● WHAT NEEDS TO BE DONE
Restate word for word the lines of the listing below, from its first line through the line with "Шарифа Давронова стала", without the pictures.

● MATERIAL FOR THE TASK
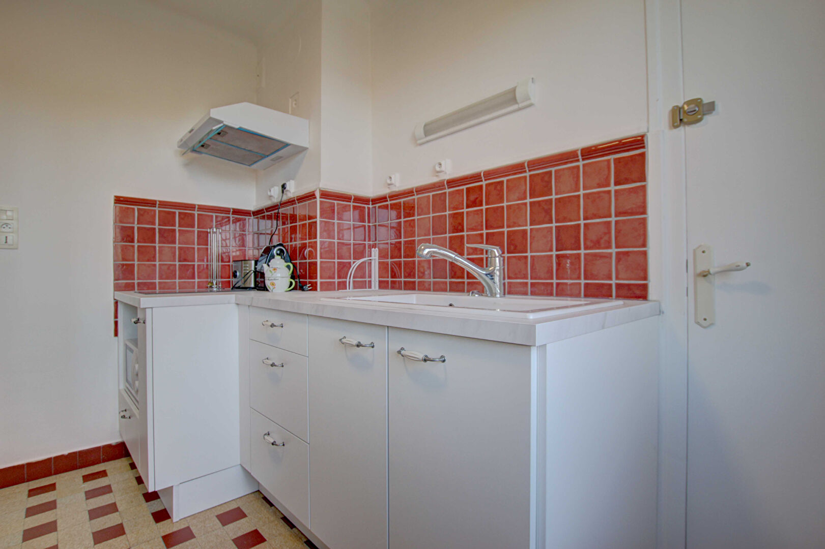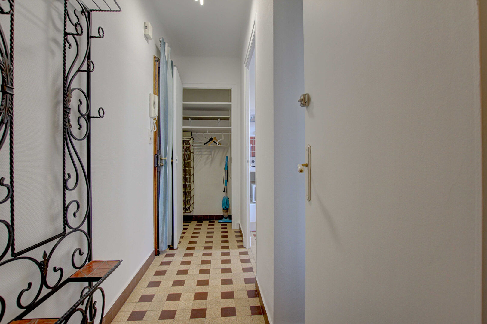 Il se compose d'une entrée avec placard de rangements, d'une cuisine fermée aménagée et équipée (plaques de cuisson, four micro-ondes, hotte, réfrigérateur), d'un salon équipé d'un canapé lit, d'une buanderie avec emplacement pour machine à laver et d'une salle d'eau avec WC.
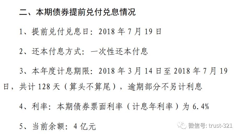 其次是債券提前償還。銀象350盡調(diào)資料中提到,融資人2013年4月發(fā)行了10億公司債券,該債券期限7年,本應(yīng)晚于信托到期日;但該債券在2018年7月提前兌付且在7月19日摘牌,導(dǎo)致實(shí)際上的償還日早于信托到期日。
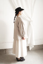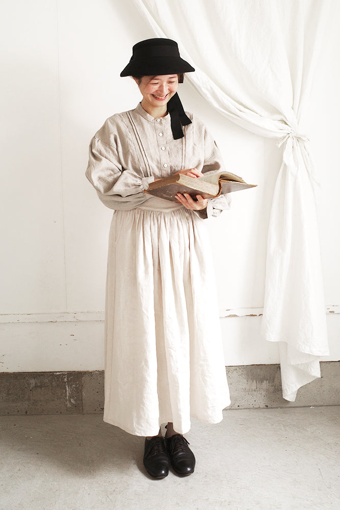 フォークロアな印象のリネンシャツです。肩から袖部分のパッチのデザインと前のタックがポイント。お色はチャコールグレーと生成りの二色です。【素材】麻 100% 【サイズ】着丈 70cm 身幅 56cm 袖丈 46cm
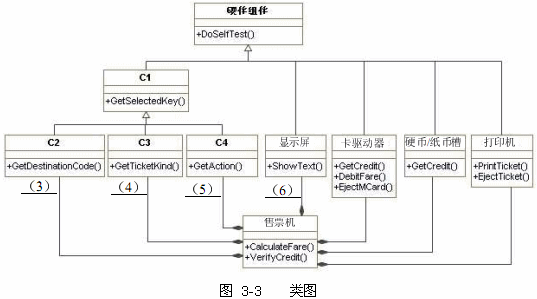 根据说明中的描述,给出图3-3中缺少的C1~C4所对应的类名以及(3)~(6)处所对应的多重度。
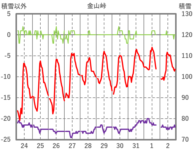 | 日 | 時 | 気温 | 降水 | 風向/風速 | 日照 | 積雪 | 降雪 |
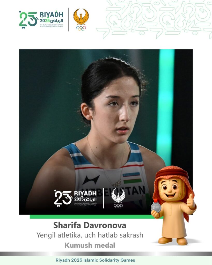 Шарифа Давронова стала серебряным призером в секторе тройного прыжка. Спортсменка показала результат 13,91 метра и завершила выступление на второй позиции.
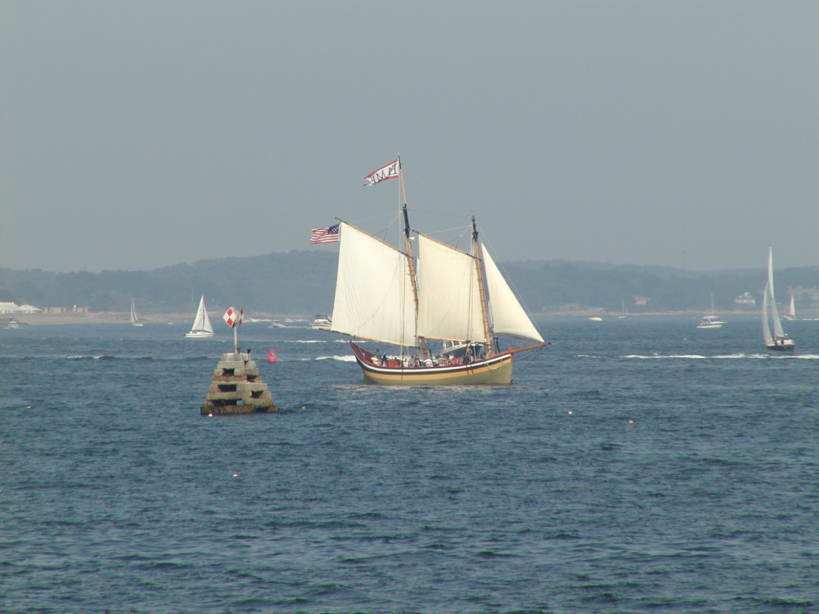 Picture #55: Sailing ship Small: 800x623, 77,661 bytes (76K), (html file) Large: 1600x1200, 1,112,134 bytes (1.1M), (html file) Copyright, Michael Meissner 2006, All rights reserved Olympus C-2100UZ camera f/7.0, ISO 100, 1/650 sec, 70.0mm, auto mode, SHQ, cloudy, matrix metering 35mm equivalent focal length 388.0mm Taken by Michael Meissner on September 17, 2006 13:18:22 Last modified on December 26, 2006 at 23:21 |
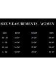 Candy is modeled in size Medium. Model measurements: Height 5'10. Waist 28. Bust 36. Hips 39.
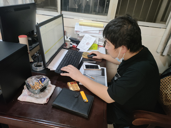 手不輟筆,他是刺促不休的“老黃?!?。王炫,男,中共黨員,現(xiàn)任西關(guān)村委會(huì)文書(shū)。疫情中他主要負(fù)責(zé)文書(shū)統(tǒng)計(jì),建檔立冊(cè),數(shù)據(jù)報(bào)送,內(nèi)勤內(nèi)務(wù)等工作,這是一個(gè)默默無(wú)聞的崗位,所有數(shù)據(jù)最終匯集至他這里,他需要夜以繼日的進(jìn)行核對(duì)并報(bào)送相關(guān)數(shù)據(jù)、文件給上級(jí),并且要將上級(jí)精神及時(shí)傳達(dá)給班子其他成員,內(nèi)勤內(nèi)務(wù)也需要他進(jìn)行統(tǒng)籌,疫情期間他文書(shū)統(tǒng)計(jì)210余份,數(shù)據(jù)報(bào)送68份,為密接者建檔立冊(cè)260余冊(cè),處理內(nèi)勤內(nèi)務(wù)134件,在文書(shū)這個(gè)崗位上默默為其他班子成員排憂解難,可稱之為默默奉獻(xiàn)“老黃?!边@一稱號(hào)。
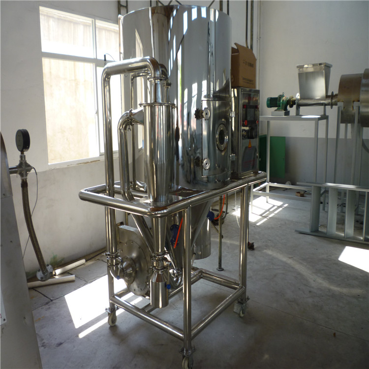 空氣經過濾和加熱,進入干燥器頂部空氣分配器,熱空氣呈螺旋狀均勻地進入干燥室。料液經塔體頂部的高速離心霧化器,(旋轉)噴霧成極細微的霧狀液珠,與熱空氣并流接觸在極短的時間內可干燥為成品。成品連續地由干燥塔底部和旋風分離器中輸出,廢氣由風機排空。
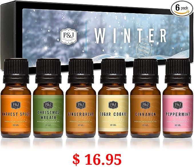 $ 16.95 P&J Fragrance Oil Winter Set | Cinnamon, Gingerbread, Sugar Cookies, Harvest Spice, Peppermint, and Christmas Wreath Candle Scents for Candle Making, Freshie Scents, Soap Making Supplies
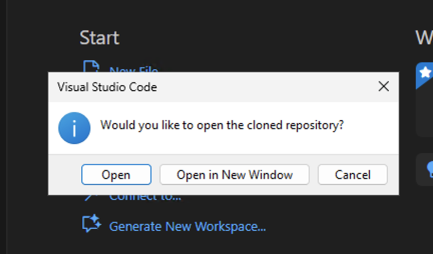VS Code will clone the repo and then ask if you want to open it. Click Open.
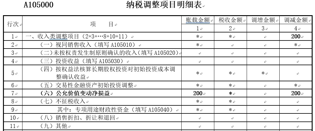 1 | 一、收入类调整项目(2+3+4+5+6+7+8+10+11) | * | * | 200 | |
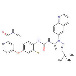 | SMILES | c1(cc(ccn1)Oc2cc(c(cc2)NC(=O)Nc3cc(nn3-c4cc5cccnc5cc4)C(C)(C)C)F)C(=O)NC |

● ANSWER TO THE EXERCISE
 Il se compose d'une entrée avec placard de rangements, d'une cuisine fermée aménagée et équipée (plaques de cuisson, four micro-ondes, hotte, réfrigérateur), d'un salon équipé d'un canapé lit, d'une buanderie avec emplacement pour machine à laver et d'une salle d'eau avec WC.
 其次是債券提前償還。銀象350盡調(diào)資料中提到,融資人2013年4月發(fā)行了10億公司債券,該債券期限7年,本應(yīng)晚于信托到期日;但該債券在2018年7月提前兌付且在7月19日摘牌,導(dǎo)致實(shí)際上的償還日早于信托到期日。
 フォークロアな印象のリネンシャツです。肩から袖部分のパッチのデザインと前のタックがポイント。お色はチャコールグレーと生成りの二色です。【素材】麻 100% 【サイズ】着丈 70cm 身幅 56cm 袖丈 46cm
 根据说明中的描述,给出图3-3中缺少的C1~C4所对应的类名以及(3)~(6)处所对应的多重度。
 | 日 | 時 | 気温 | 降水 | 風向/風速 | 日照 | 積雪 | 降雪 |
 Шарифа Давронова стала серебряным призером в секторе тройного прыжка. Спортсменка показала результат 13,91 метра и завершила выступление на второй позиции.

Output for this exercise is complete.